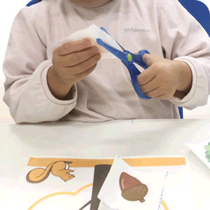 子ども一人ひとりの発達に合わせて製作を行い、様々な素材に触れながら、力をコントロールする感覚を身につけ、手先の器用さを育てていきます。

--

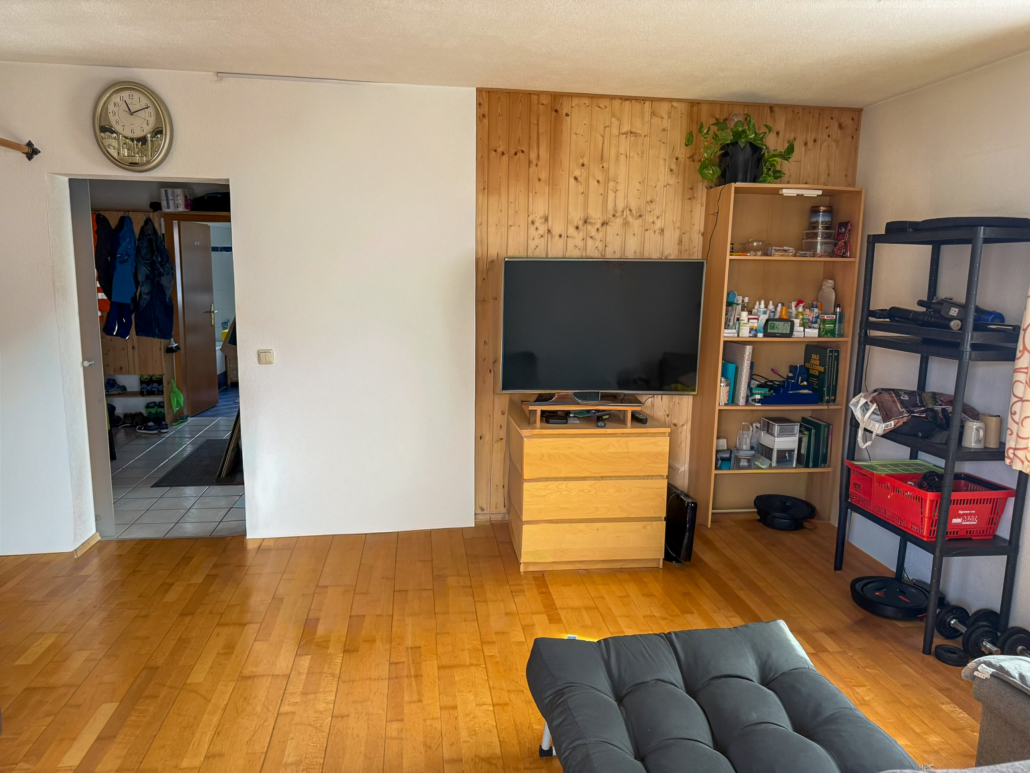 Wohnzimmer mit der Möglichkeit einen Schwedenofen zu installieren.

* * *

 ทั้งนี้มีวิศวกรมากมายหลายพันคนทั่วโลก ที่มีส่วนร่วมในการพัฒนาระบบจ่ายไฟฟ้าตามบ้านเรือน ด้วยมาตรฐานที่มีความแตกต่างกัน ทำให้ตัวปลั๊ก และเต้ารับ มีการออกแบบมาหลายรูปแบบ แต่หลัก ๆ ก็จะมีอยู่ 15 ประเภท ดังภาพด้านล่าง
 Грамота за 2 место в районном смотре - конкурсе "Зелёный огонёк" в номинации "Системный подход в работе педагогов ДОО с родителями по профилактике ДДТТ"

Exercise instructions> With the line holding "15 ประเภท ดังภาพด้านล่าง" as the first and the line holding "Грамота за 2" as the last, set down that range of the entries above exactly, and nothing else.

Task response>
 ทั้งนี้มีวิศวกรมากมายหลายพันคนทั่วโลก ที่มีส่วนร่วมในการพัฒนาระบบจ่ายไฟฟ้าตามบ้านเรือน ด้วยมาตรฐานที่มีความแตกต่างกัน ทำให้ตัวปลั๊ก และเต้ารับ มีการออกแบบมาหลายรูปแบบ แต่หลัก ๆ ก็จะมีอยู่ 15 ประเภท ดังภาพด้านล่าง
 Грамота за 2 место в районном смотре - конкурсе "Зелёный огонёк" в номинации "Системный подход в работе педагогов ДОО с родителями по профилактике ДДТТ"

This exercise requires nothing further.